Frist: 1. November 2025
Bei einem Unternehmensumzug die Adressänderung beim Gewerbeamt nach dem neuen Rückmeldeverfahren (ab 01.11.2025) melden – nicht mehr nach dem alten Verfahren der „gegenseitigen Unterrichtung".
Nein.
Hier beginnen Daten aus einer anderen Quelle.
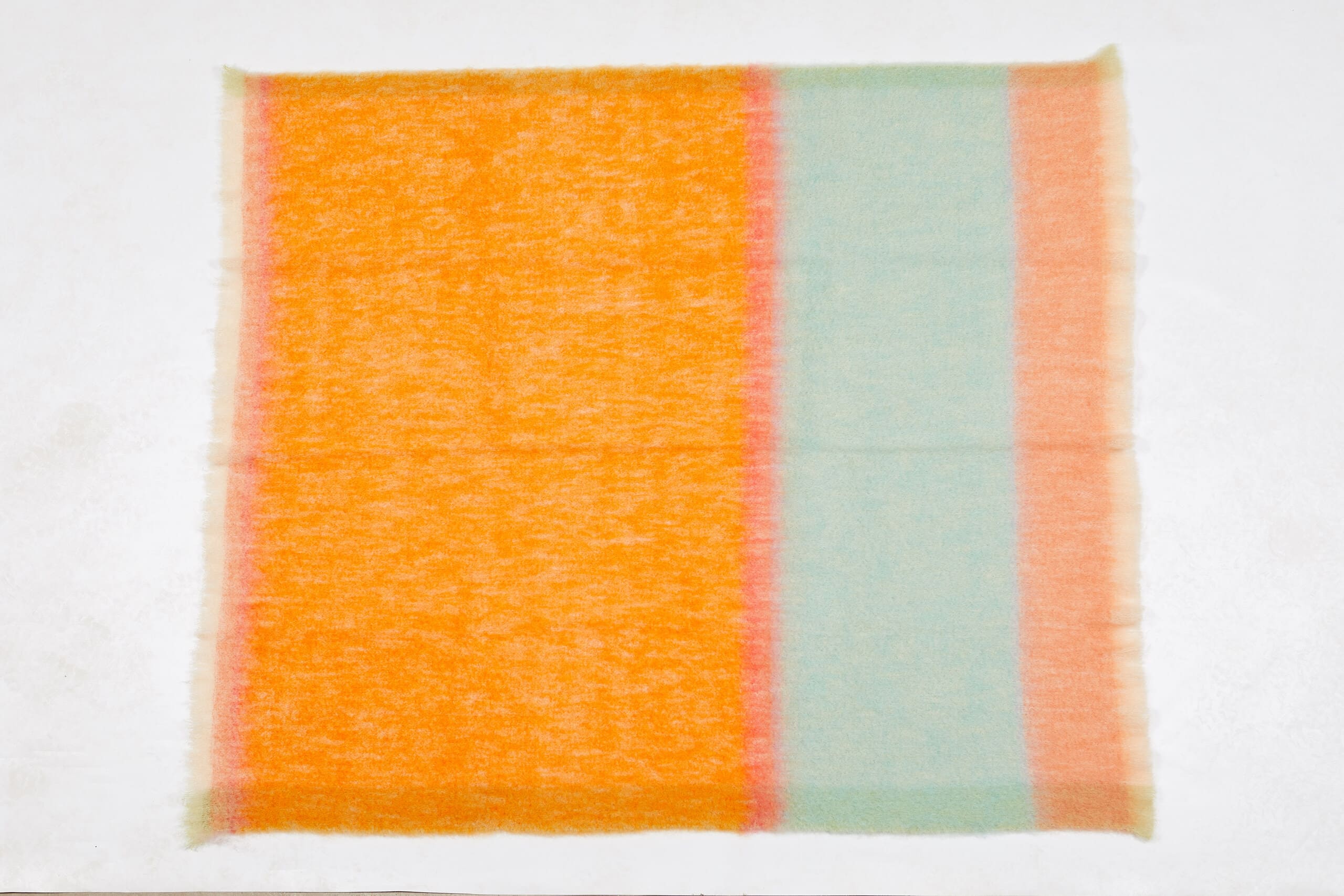 This handmade blanket is a true masterpiece that combines peachy orange with light pastel blue and different shades of pink, creating a unique and elegant design.
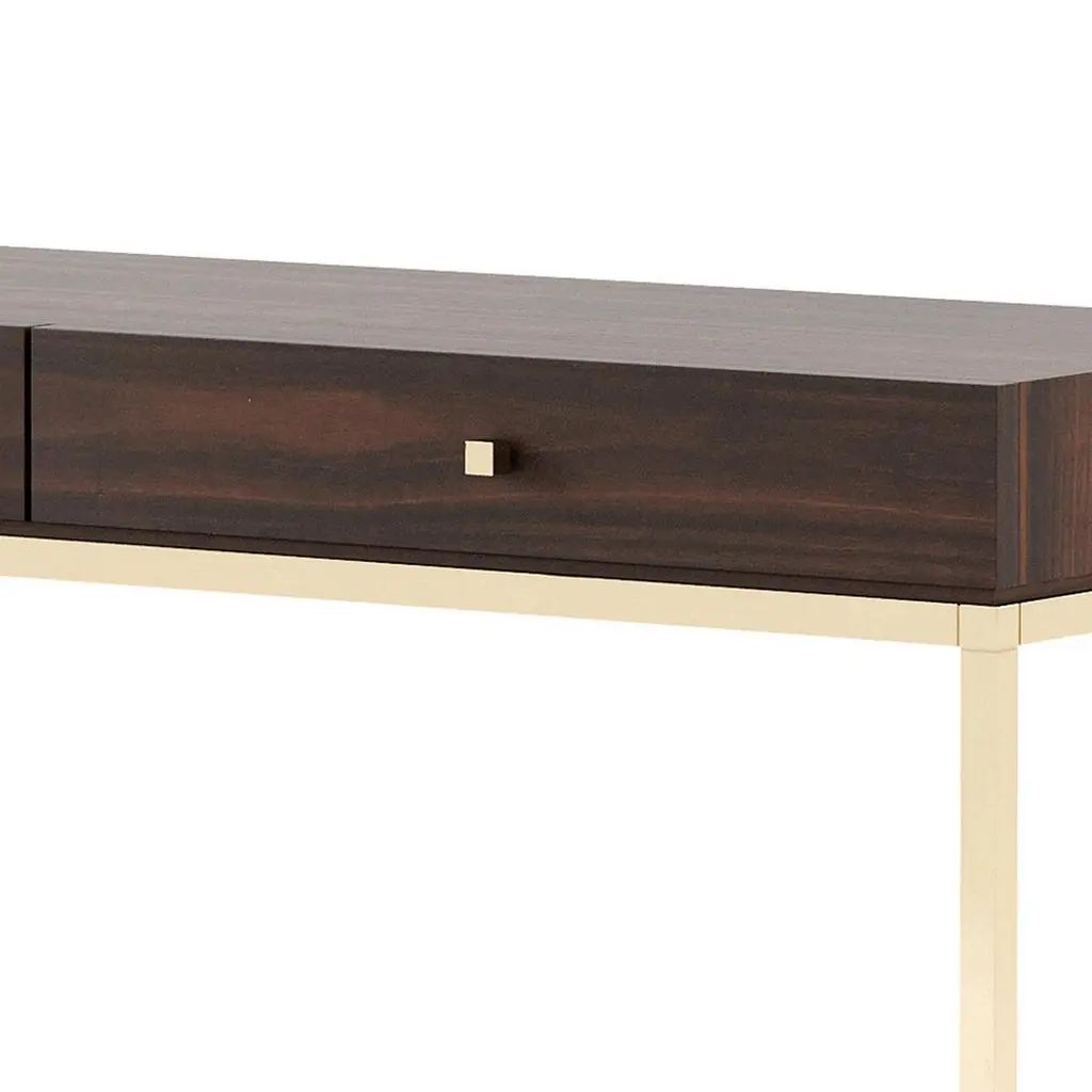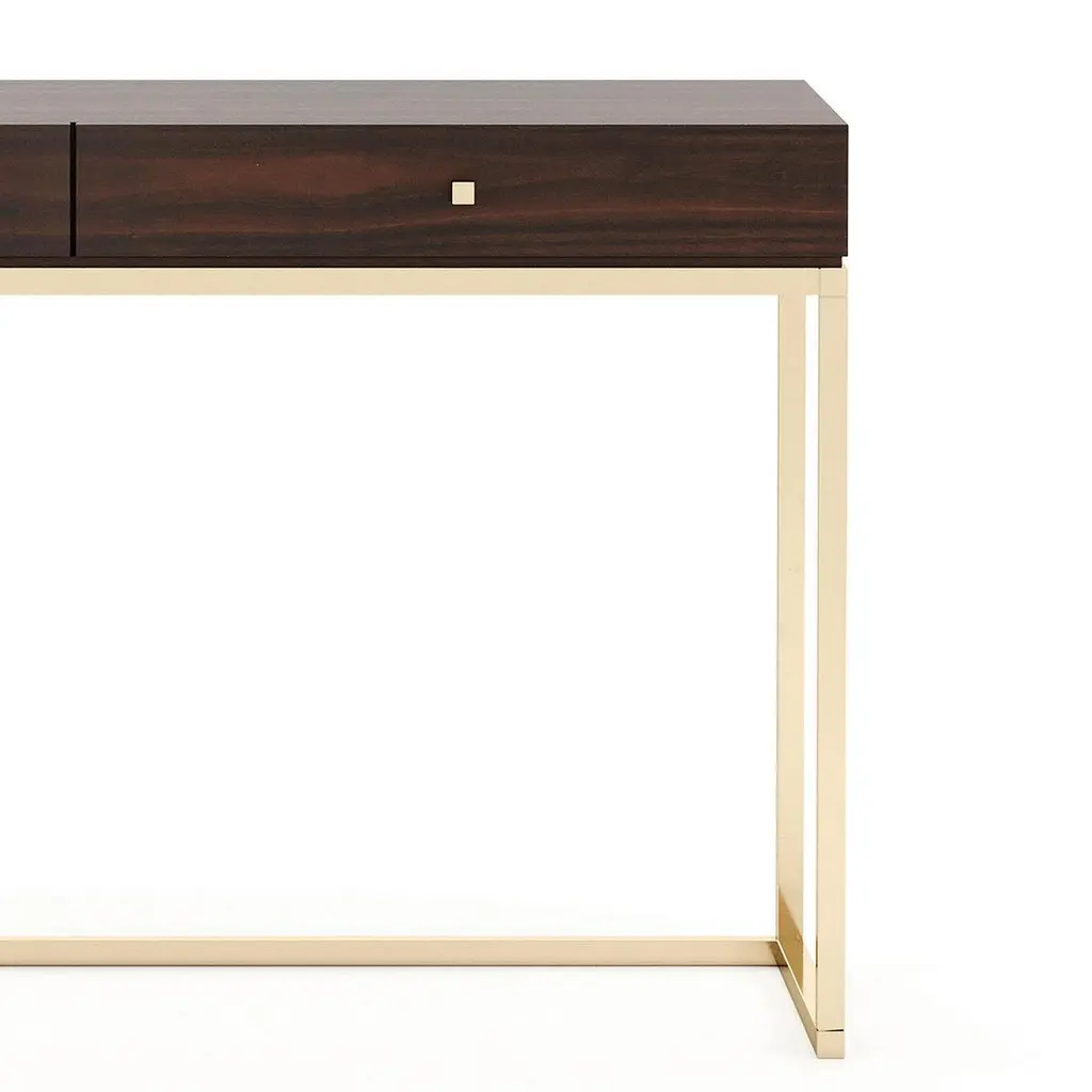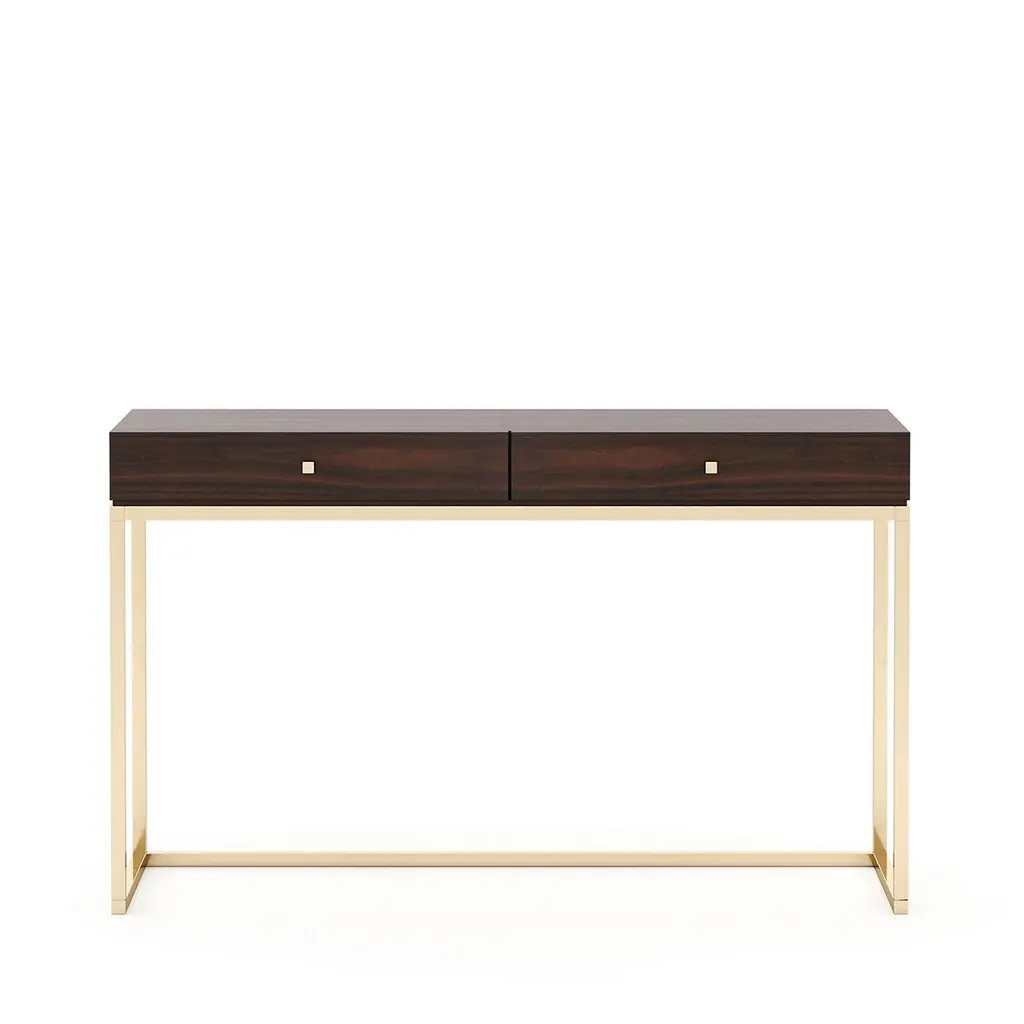 Desk Tanka with structure in smocked eucalyptus wood in matte finish, with 2 drawers with easy glide system. With basein polished stainless steel in gold finish.Also available in ebony matte finish, or grey oak matte finish,or natural oak finish, or rosewood matte finish, or in walnutmatte finish, on request.

Paragrafenwächter scannt täglich Amtsblätter, Veterinäramts-Bekanntmachungen und Stadtratsbeschlüsse und schickt Ihnen nur die relevanten Änderungen direkt per E-Mail – kostenlos und ohne Rauschen.
Restaurants und Bars unterliegen u. a. der Lebensmittelhygiene-Verordnung (LMHV), HACCP-Anforderungen, dem Gaststättenrecht, Sperrzeitenverordnungen, Sondernutzungssatzungen für Außengastronomie sowie arbeitsrechtlichen Regelungen wie Mindestlohn und Arbeitszeitgesetz.
Verstöße gegen Hygienevorschriften oder Sondernutzungsregeln können zu Bußgeldern, Betriebsschließungen oder dem Entzug der Konzession führen. Paragrafenwächter informiert Sie proaktiv, bevor solche Fristen ablaufen.
Bundesrecht, Landesrecht und kommunale Satzungen ändern sich im Schnitt mehrfach pro Quartal. Besonders häufig betroffen: Hygiene, Sondernutzungsgebühren und Mindestlohn.